Connecticut is one of the epicenters of the $70 million campaign to pressure states and municipalities to raise the minimum wage to $15, despite the damaging effects that a steep minimum wage increase would have on workers.

The money for the “Fight for $15” campaign comes from the dues of members of the Service Employees International Union (SEIU), which in Connecticut represents many state employees, as well as health care and food service workers.

A state board, the Connecticut Low Wage Employer Advisory Board, whose membership includes an SEIU director, will hold a hearing in Bridgeport next week on whether or not the state should raise its minimum wage.

Lawmakers created the board in 2015 using the bill that implemented the state budget. The board is housed in the Department of Labor.

Last year, several members of the board spoke up in favor of the Working Class Tax, which taxed employers $1 per hour tax for every hour worked by a person earning less than $15 an hour. (The taxes would go to the state treasury, not to the worker.)

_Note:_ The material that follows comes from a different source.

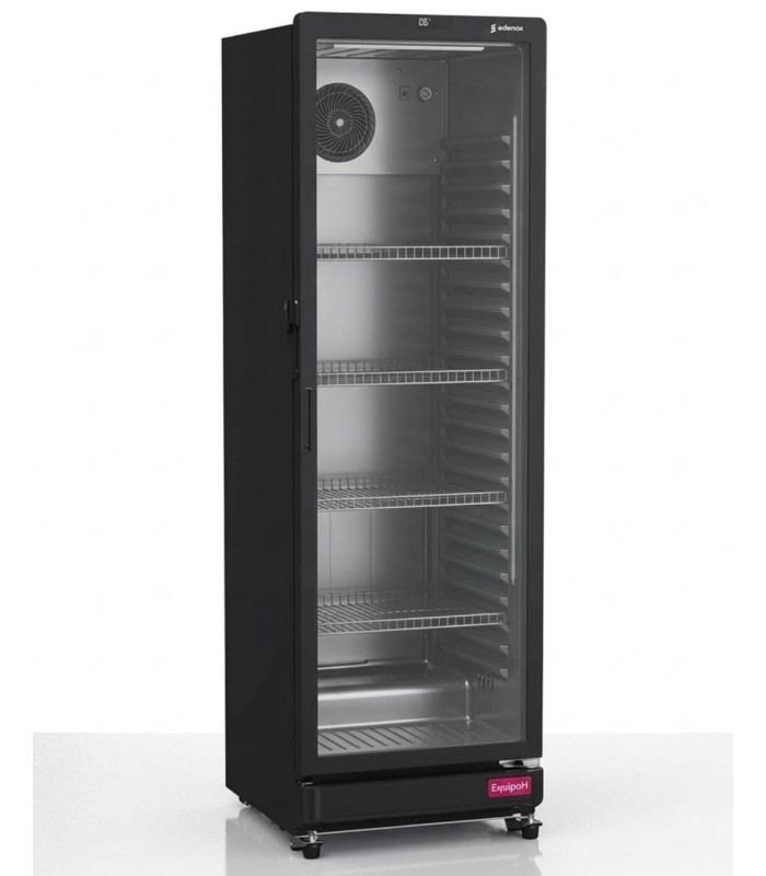 Armario expositor refrigerado Edenox APE-451-C S2 BLACK cooler bebidas 338L. Refrigerador vertical profesional con puerta de cristal doble, iluminación LED superior y lateral y temperatura de +1 °C a +10 °C. En EquipoH lo recomendamos por su diseño negro elegante y gran visibilidad del producto.
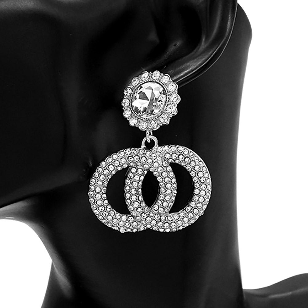Stone Embellished Double Open Circle Link Dangle Earrings

This year the board will spend its “time and resources… focused on the issue of raising the Minimum Wage,” according to the minutes of the April 21 meeting.

Connecticut was the first state to schedule its minimum wage to go over $10 an hour. Currently the minimum wage is $9.60 an hour, and it is set to rise to $10.10 an hour in January 2017. A $15 per hour minimum wage would be a 49 percent increase over the current Connecticut minimum wage.

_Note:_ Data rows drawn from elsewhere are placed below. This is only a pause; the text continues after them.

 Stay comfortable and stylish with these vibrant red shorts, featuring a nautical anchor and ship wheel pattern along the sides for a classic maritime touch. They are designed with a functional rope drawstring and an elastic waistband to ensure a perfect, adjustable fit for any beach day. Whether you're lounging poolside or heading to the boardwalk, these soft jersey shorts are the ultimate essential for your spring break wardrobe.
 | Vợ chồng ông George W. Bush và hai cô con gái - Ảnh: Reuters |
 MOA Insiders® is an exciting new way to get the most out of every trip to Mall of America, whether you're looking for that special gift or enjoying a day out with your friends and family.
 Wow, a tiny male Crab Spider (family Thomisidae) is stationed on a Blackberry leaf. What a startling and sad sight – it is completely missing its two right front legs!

While the “Fight for $15” movement gains traction nationwide, a survey of 166 labor economists – about 60 percent of whom were Democrats – showed that a majority believe a $15 minimum wage would have negative effects on employment. Of those surveyed, 83 percent said a $15 minimum wage would have a negative effect on youth employment, and 67 percent said they believe a $15 minimum wage will make it harder for small businesses to survive.

Most of Connecticut’s residents living in poverty would not be affected by a minimum wage increase, since 61 percent of working age adults in Connecticut who are poor do not work at all, according to testimony by Michael Saltsman with the Employment Policies Institute.

Restaurants, bookstores and daycares are just a few of the businesses that have already had to close, cut staff, or raise prices because of minimum wage increases in places like New York, California and Seattle. Their stories can be found on www.Facesof15.com.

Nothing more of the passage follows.